Questions with a Judge – Ed Patten, Chancery Judge

Chancery Judge Ed Patten
Copiah & Lincoln Counties
13th Chancery District

Judge Patten Strong earned a B.S. and J.D. from the University of Mississippi. Judge Patten joined the bench in 1999.

1. What do you like most and least about being a judge?

I like solving problems. Chancery Court provides an abundance of problems so I get a lot of practice. I find it rewarding to listen to a fact pattern, apply the law and ultimately render a solution that I find first and foremost to be the right thing to do and then to be confident that I have correctly applied the law.
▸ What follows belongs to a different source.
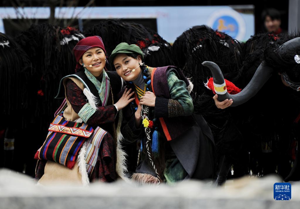 當(dāng)日,西藏自治區(qū)歌舞團(tuán)打造的歌舞劇《天邊格桑花》在西藏山南市隆子縣玉麥鄉(xiāng)首演?!短爝吀裆;ā啡〔挠谟覃溹l(xiāng)桑杰曲巴和女兒卓嘎、央宗放牧守邊的故事。

I least enjoy sorting out a case that is presented more like a discovery deposition than a trial.

2. Identify one judge, living or dead, whom you admire the most and explain why?

My predecessor Donald Patterson was a lawyer’s lawyer and on the bench a judges’s judge. His mastery of the rules of evidence and procedure raised the level of practice in our district. His is the example I aspire to.
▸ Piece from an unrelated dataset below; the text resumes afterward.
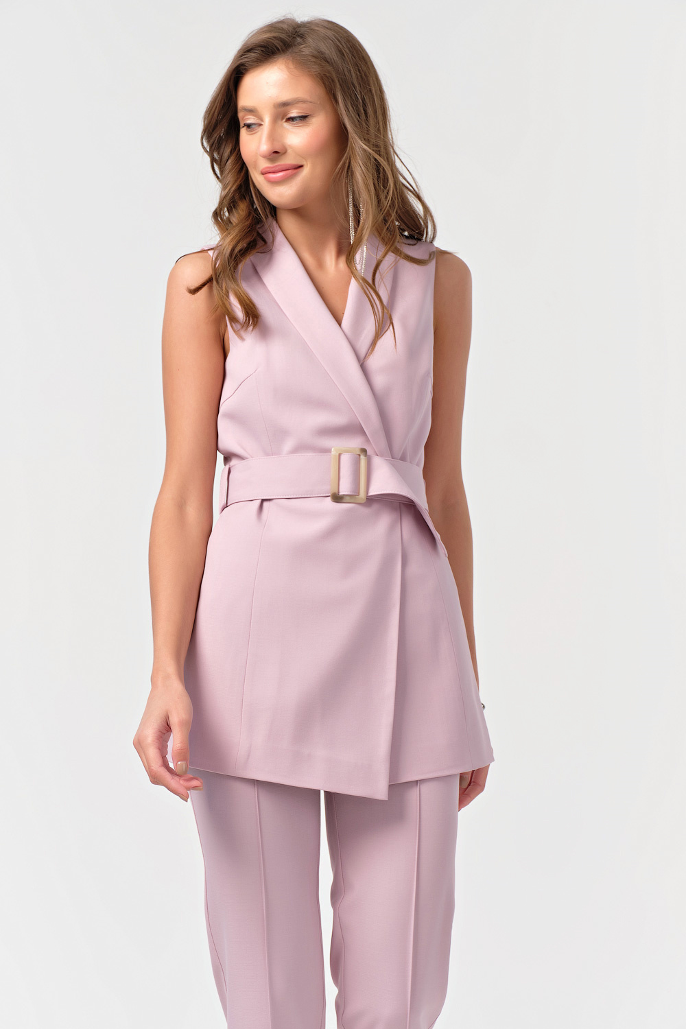 ст. цена4358руб.! Костюм офисный брючный с жилетом дымчато-розовый

3. What three suggestions would you give to a lawyer about how to improve their writing?

(1) Be concise, (2) be clear and (3) write sufficiently in advance that you can let the work product “cool off” then read it again to make sure it makes sense and is coherent.

4. What three suggestions would you give a lawyer about how to present an effective case in your court?

(1) Life happens in chronological order so do cases. (2) Chancellors are factor driven. Know the factors, present them in the order the court has to rule and help the judge know what you are addressing and when you change subjects. For example start a line of questions with “I want to ask you questions about your grounds for divorce.” Then when you change subjects, “I want to ask you questions about your claim for custody” and so on. (3) Make your record and stop. Letting a witness drone on hurts more often than helps.

5. If you could change any law or rule, what would it be?

I would erase Rule 81 from the book.